Non-competes are scary for anyone. I represent many medical professionals, and occasionally a physician will mention she feels stuck by a non-compete. “I am going to have to move away for two years just so that I can come back and open my own practice.” When I mention the non-compete may not actually be enforceable, I generally receive a very skeptical look.
So, I thought I’d take this opportunity lay out some of the basics as to why physicians (and, perhaps, other learned professionals) may or may not be beholden to a non-compete, especially in light of the March 2019 Court of Appeals opinion, Aesthetic Facial & Ocular Plastic Surgery Center, P.A. v. Zaldivar et al.
In general, North Carolina, like most jurisdictions, allow non-competes in employment contracts. That, however, is simply a generality, and there are a number of exceptions as to when those restrictive covenants would be enforceable. The very basic requirements are that the non-compete must (1) be in writing; (2) be part of an employment contract; (3) be based on valuable consideration; (4) be reasonable in scope of time and of territory; (5) not be against public policy.
The first two generally are not a problem . Requirement three can often be an issue. Number four and five are the most important for physicians and other professionals.
First, non-competes require “valuable consideration.” Let’s say you are in a good employment relationship, but the administration comes to you and says, “We are going to need you to sign this new contract that has a non-compete. Nothing else has changed.” That non-compete is simply not enforceable because you have not given up anything in exchange for the new restrictive covenant. Even if you sign the new agreement, the lack of any consideration invalidates the non-compete.
Things get murkier if you receive anything as part of the new agreement, but it still may not be “valuable” enough to warrant enforcement of the non-compete (Would a parking spot be worth it?). The question is many times evaluated on a case-by-case basis.
Scope of Time and Territory
Moving on to scope of time and territory. The basic question courts evaluate when considering the reasonableness of time and territory is whether the restriction reasonably protects the business of the employer. If the restriction extends to 500 miles, that is clearly not reasonable. If the restriction extends to 10 years, that is also unreasonable. Additionally, if the restriction is for 2 years and within 15 miles of the business, but the covenant applies to “any parent, division, subsidiary, affiliate, predecessor, successor, or assignee” of the employer, then the lawyers drafting the non-compete have just invalidated it for their client.
If you are working for a large employer and move 100 miles away to a town where the employer has an affiliate or subsidiary but not in the same practice area as yours, that employer cannot enforce the non-compete against you because your practice does not interfere with the employer’s business in that location. The reasonableness of scope has been heavily litigated, and most health care systems have fixed any problems that have arisen, but you would be surprised to see how many times the non-compete overreaches.
Against Public Policy
Lastly, what does it mean to be “against public policy”? That is such a vague and ambiguous term, but in the context of health care, the courts generally evaluate the non-compete clause to determine whether or not enforcement has a likelihood to harm the public health. Simply put, the courts want to protect all the people, not just the parties to the contract.
For physicians, that practically translates to the question: How specialized are you, and how many of you are in this community?

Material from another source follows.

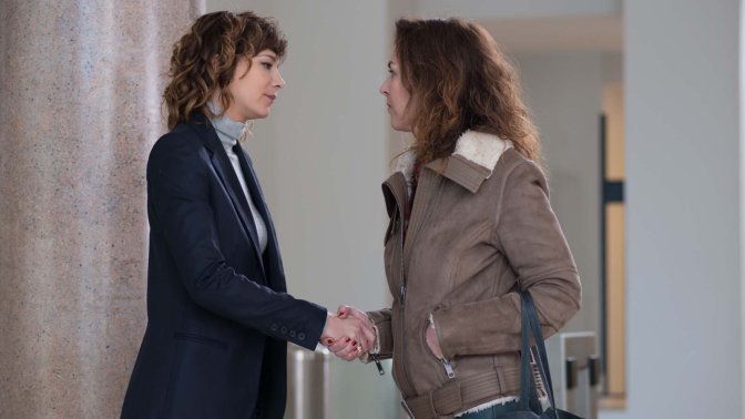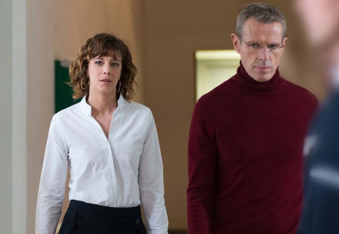 Le réalisateur place l’humain au cœur de son sujet et s’appuyant sur un casting de grande qualité, il nous sert avec froideur quelques beaux échantillons de la nature humaine allant du plus tendre au plus détestable. Pivot essentiel de ce drame, Céline Sallette accompagne avec tout le talent qu’on lui connaît la résurrection de cette femme. Aguerrie à la dureté du monde du travail, elle a perdu toute trace d’humanité. Quand elle devient elle-même la proie de ceux qui lui ont appris à tuer, sa carapace se fissure. Elle reprend contact avec ses émotions. Loin du monde de l’entreprise à la rigidité carcérale, quelques scènes nous la montrent dans sa vie de mère ou de femme (son compagnon, d’origine anglaise, jeune cadre flegmatique et décontracté lui apporte l’équilibre qui lui fait défaut), suggérant qu’en elle deux personnalités s’affrontent. L’amitié amoureuse et bienveillante dont son ami Vincent (merveilleux Stéphane De Groodt à la fois délicat et léger) la couve jette un voile de douceur sur ce monde de brutes. Se défendant de vouloir raconter la rédemption d’une « méchante », Nicolas Silhol s’applique à nous démontrer que c’est bien la fonction qui a perverti Emilie. Si, dans un premier temps, elle contacte l’inspectrice du travail, c’est surtout pour sauver sa peau. C’est bien le duel qui s’engage entre les deux femmes qui installe l’ambiance de polar dans lequel baigne l’intrigue d’un bout à l’autre. Du même âge, dotée d’un tempérament dynamique, elles pourraient être amies. Pourtant, leurs fonctions respectives les opposent. Emilie (Céline Sallette) a une féminité contrôlée et sophistiquée, prisonnière d’un carcan dans lequel elle s’est laissé enfermer. Marie (la peu médiatisée Violaine Fumeau qui gagne à être connue) est spontanée et généreuse. Elle est inspectrice du travail mais son comportement s’apparente à celui d’une inspectrice de police. Dans cette mise en scène qui place les personnages dans des espaces vitrés et cloisonnés et les emprisonne dans des cadres tranchants, elle virevolte, fait ce qu’elle veut, elle dérange. Elle est l’espoir d’une bouffée d’air pur, en opposition à l’univers d’oppression dans lequel sont plongés les personnages. L’hypocrisie et le cynisme progressivement envahissant, symbolisés par un Lambert Wilson dont la prestance et l’autorité naturelle renforcent l’authenticité, maintiennent une tension permanente qui empoigne le spectateur pour ne plus le lâcher.

If you are one of 300 pediatricians practicing in your city, the public is not likely to be harmed if you have to sit on the bench for a year due to a non-compete. Your patients will be annoyed and inconvenienced, but the public still has access to plenty of pediatricians.
On the flip-side, if you are one of two fellowship-trained oculoplastic surgeons who trained at one of only thirty institutions recognized by the American Society of Ophthalmic Plastic and Reconstructive Surgery, as was the case in Aesthetic Facial v. Zaldivar, then the court is going to say that the public needs you to be practicing. If the public is going to lose the ability to obtain the medical services you provide if you are forced to sit out, the non-compete will not be enforced.

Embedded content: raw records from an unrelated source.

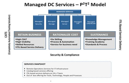 • ITIL alligned P2T2(People, Process, Tools andTechnology) framework with CATS (Completely Automated Tooling Solution) are alligned to deliver maximum value to our end customers.
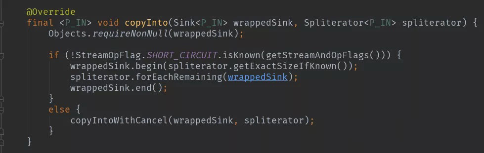 上述代码首先调用wrappedSink.begin()方法告诉Sink数据即将到来,然后调用spliterator.forEachRemaining()方法对数据进行迭代,最后调用wrappedSink.end()方法通知Sink数据处理结束。逻辑如此清晰。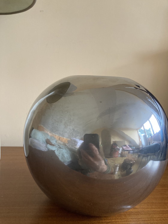 Diese elegante, silberfarbene Vase wurde von Jan des Bouvrie entworfen. Ihre moderne, reflektierende Oberfläche verleiht jedem Raum einen Hauch von Eleganz. Diese Vase eignet sich perfekt für die Präsentation von Blumen oder als alleinstehendes Dekorationsstück und verkörpert mit ihrer glatten, abgerundeten Form ein zeitgenössisches Design.

Of course, there will be gray areas depending on the facts, so it is always good to consult a lawyer before thumbing your nose at a non-compete.
Good To Know
One bonus nugget of interest in this area is courts will not blue pencil non-compete clauses in the individual employment context. What that means is a court is not going to rewrite an unenforceable clause so that it becomes enforceable. For example, in one of the previous scenarios, the court would not scratch out “any parent, division, subsidiary, affiliate, predecessor, successor, or assignee” if that clause is the only portion standing in the way of an otherwise enforceable non-compete. The non-compete is either enforceable as written, or it is not.
Agreements between businesses are treated differently, so do not get confused when someone tells you that the court will find a way to fix any problems. Again, in the context of individual employment agreements, courts will not fix a non-compete clause that is unenforceable as written.
Hopefully, you will never be faced with the need to fight a non-compete agreement but at least you’ll understand the enforceability of the deal a little better when you sign your life away.